Abdul Wahhab era lo strumento con cui gli inglesi poterono insinuare una vile idea tra i musulmani dalla penisola arabica: è lecito uccidere altri musulmani con il pretesto dell’apostasia, bastò pubblicare una fatwa in tal senso. Sulla base di ciò, Wahhab sostenne l’idea che i loro fratelli musulmani turchi, offrendo preghiere ai santi, avessero tradito la loro fede e che era lecito ucciderli, e renderne schiavi le mogli e i figli. I wahhabiti distrussero anche tutte le tombe e i cimiteri sacri, tra La Mecca e Medina. Rubarono il tesoro del Profeta, che comprendeva libri sacri, opere d’arte e innumerevoli ex voto inviati alle città sante in mille anni. Il cuoio che rilegava i sacri libri islamici che avevano distrutto, venne utilizzato per farne sandali da parte dei criminali wahhabiti. Oltre a rivelare il contenuto delle memorie di Hempher, la relazione dell’intelligence irachena riporta rivelazioni inedite sulle origini ebraiche di Abdel Wahhab e della famiglia Saud.

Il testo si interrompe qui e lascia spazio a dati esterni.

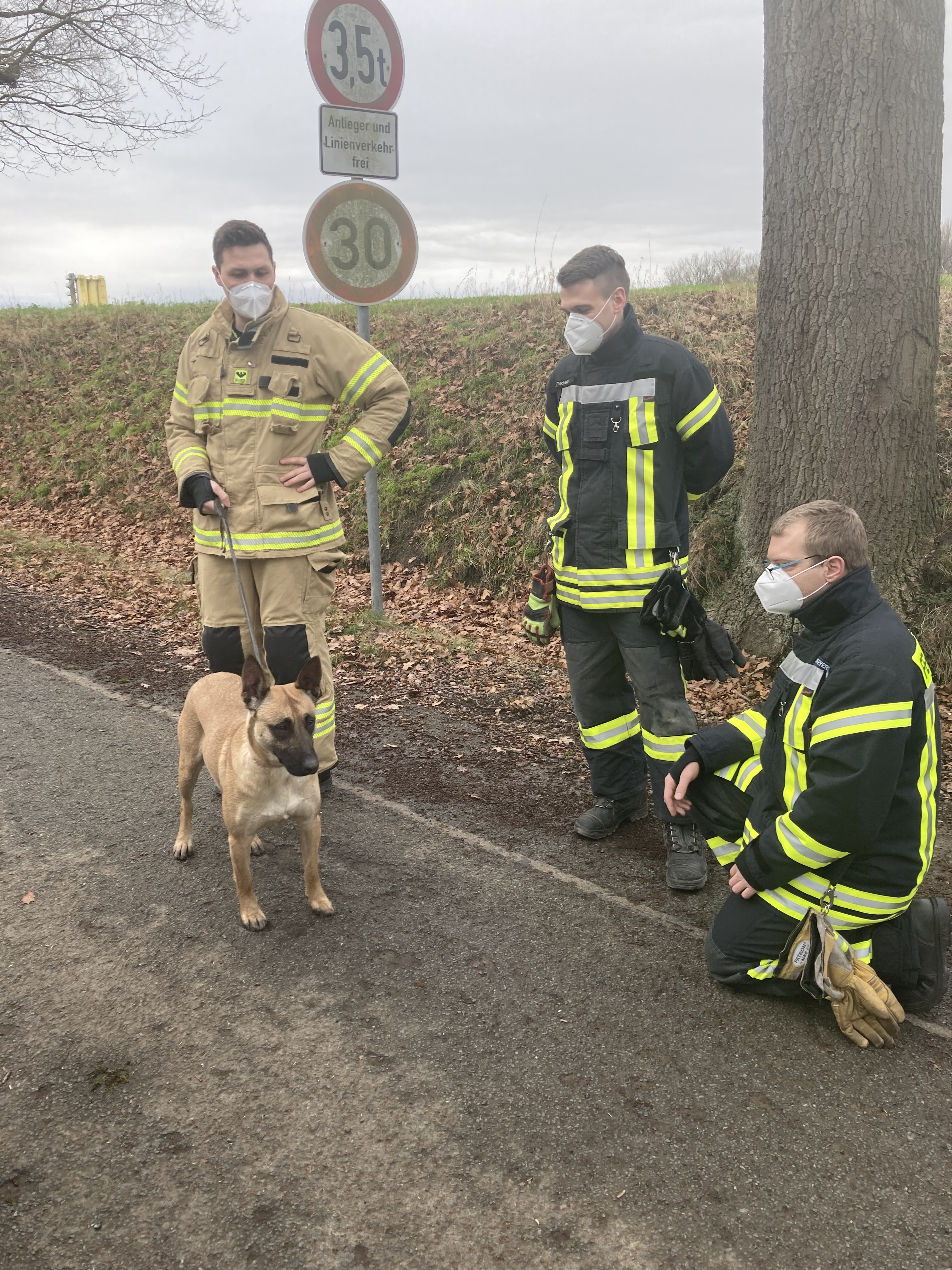 Durch die Besatzung der Drehleiter wurde ein herrenloser Hund auf der B239 gesichtet. Da auf der viel befahrenen Straße die Gefahr bestand, dass das Tier überfahren wird, wurde es von den Kollegen mit Hilfe eines Passanten eingefangen. Eine Nachbarin erkannte den Hund und konnte den Einsatzkräften erklären, wo der Besitzer wohnt. Mit dem Gerätewagen wurde er dann dorthin gebracht und dem Herrchen übergeben.

Le origini ebraiche di Abdel Wahhab

Un altro scrittore, D. Mustafa Turan scrisse in “Gli ebrei donmeh“, che Muhammad ibn Abdul Wahhab era un discendente di una famiglia di ebrei donmeh turchi. I donmeh erano discendenti dei seguaci del famigerato falso messia dell’ebraismo Shabbatai Zevi, che scioccò il mondo ebraico nel 1666 con la sua conversione all’Islam. Considerato un sacro mistero, i seguaci di Zevi imitarono la sua conversione all’Islam, anche se questi ebrei mantennero in segreto le loro dottrine cabalistiche. Turan sostiene che il nonno di Abdul Wahhab, Sulayman, in realtà si chiamava Shulman e che apparteneva alla comunità ebraica di Bursa in Turchia. Da lì si trasferì a Damasco, dove fece finta di essere un musulmano, ma fu apparentemente espulso per aver praticato la magia cabalistica. Poi fuggì in Egitto, dove di nuovo affrontò un’altra condanna. Poi emigrò in Hijaz dove si sposò e nacque il figlio Abdul Wahhab. Secondo la relazione irachena, la stessa discendenza è confermata in un altro documento dal titolo “Gli ebrei donmeh e l’origine dei sauditi wahhabiti“, scritto da Salim Qabar Rifaat.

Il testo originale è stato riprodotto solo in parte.